Если нам судьба… - Лукина Лилия
— Нет, — увидев мое растерянное лицо, Чаров пояснил. — Этот дом мой сын строит, я там никак показаться не могу.
Приплыли. Что же делать? Артиста мне заменить некем по многим причинам, а главная из них та, что я ему верю. Кроме того, он и так в курсе событий, а посвящать в это дело нового человека нельзя.
— Володя, а почему ты не можешь там показаться? Насколько мне известно, это твоя жена подала на развод, а не ты. Она, что, настроила его против тебя?
— А чего было настраивать? Он уже и сам все понимал. Да вы на вид мой посмотрите, — Артист показал на себя. — Неужели еще чего-то объяснять надо, — и он отвернулся.
— Володя, одежду купим, причешем, побреем, если надо, то и маникюр с педикюром сделаем. Не в этом проблема.
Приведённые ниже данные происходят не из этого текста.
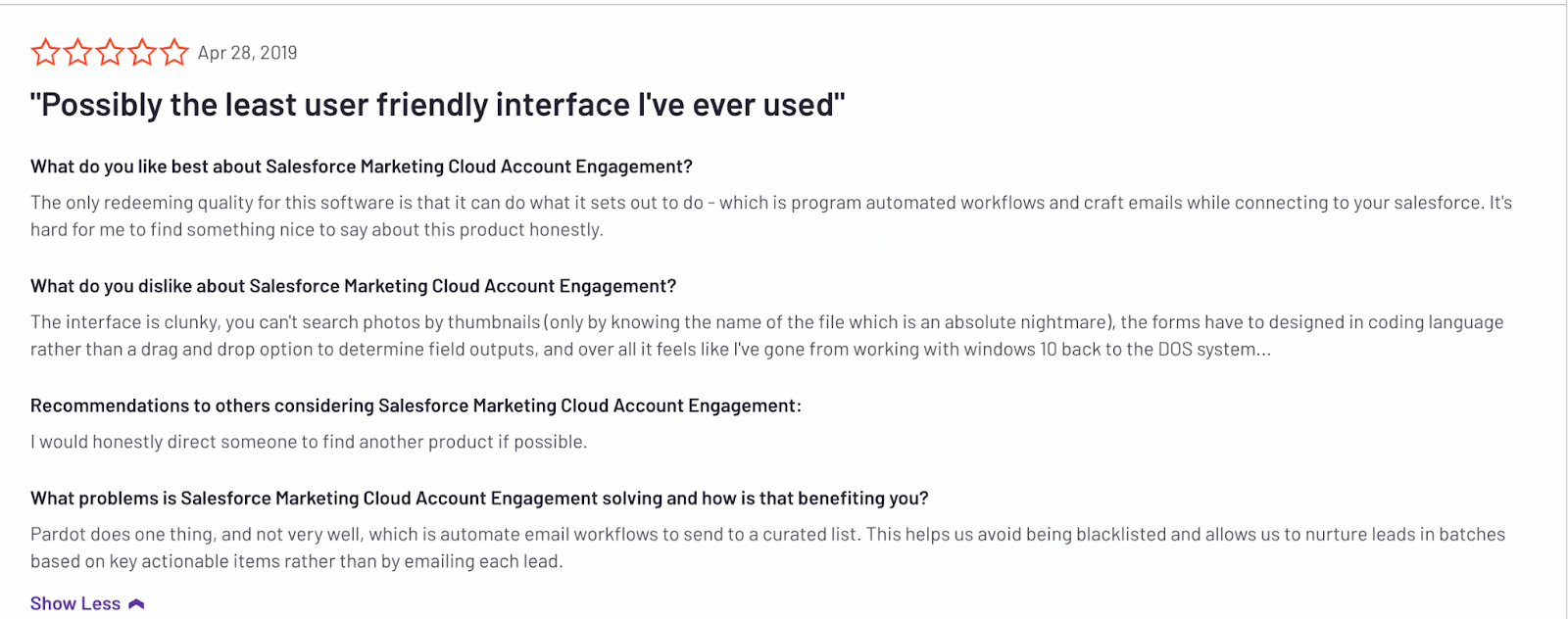These experiences are not isolated. Many marketers find that Salesforce’s complicated interface, lack of customer support, and slow processes lead to clashes between marketing and IT teams, further hindering productivity and progress.

Сможешь ты найти серьезный повод, чтобы в этот дом попасть, или нет?
— И искать не надо. Я ведь почему знаю, что это он строится? Рабочие со стройки материалы воруют и продают. Недавно в соседнем доме одни кафель купили, так хвалились, что оттуда, и фамилию хозяина называли, и по описанию похож. Да и о других Чаровых в Баратове я что-то не слыхал.
— Все, решено. Ты знаешь, где он живет? Впрочем, неважно, сама узнаю. Как его зовут и какого он года?
— Не надо, Елена Васильевна. Кто его знает, вдруг он потом захочет ко мне в гости прийти, а у меня сами знаете… Выплывет обман наружу, стыда не оберешься. А так забыл обо мне, и ладно.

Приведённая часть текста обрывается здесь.